The association of Ebonics with “delinquency and thuggery” (84) has more to do with the failure of racist imagination to see how Black people might adopt new language practices as part of a growing cultural identity in the US. Linguists like the University of Massachusetts’s Lisa Green emphasize that Ebonics, or “African American English” as she and other scholars term it, only seems haphazard to those unfamiliar with it; in reality, it is as systematic and rule-governed as any European language taught in schools. (Green, Lisa. African American English: A Linguistic Introduction. Cambridge University Press, 2002.) Similarly, the perception of Black underperformance in schools is an issue of disproportionate opportunities for Black students to succeed in standardized testing formats. What has been perceived as an achievement gap in national conversations about Black academic progress should be more aptly named an opportunity gap. By reinterpreting these aspects of Black cultural and academic life in these ways, society decenters the emphasis on White cultural standards for measuring validity and success.

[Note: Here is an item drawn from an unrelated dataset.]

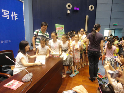 “阳光姐姐”的讲座别具一格,讲座中还跟小听众们做起了有趣的有奖提问游戏,奖品是印有她邮箱和QQ号的精美书香卡,大大地激发了小听众们的兴趣,他们踊跃举手发言回答问题,并大胆发表自己的想法。精彩的演讲,有趣的提问,巧妙的回答,引起了大家阵阵掌声和笑声,使整个会场充满了快乐的气氛。

In Chapter 9, Kendi tackles colorism—the historical origins that have defined White societal relationship to Black people with different complexions, as well as how Black people view each other. Kendi implicates himself when it comes to his early ideas about skin color, wanting to embody qualities of lighter skinned Black people while simultaneously resenting lighter skinned Black people. He realizes that both attitudes are part of colorism. His recollection of his early relationship to skin color in this chapter marks one of several examples throughout the book in which he examines his own internalized racist ideas to show how he has evolved his thinking since then.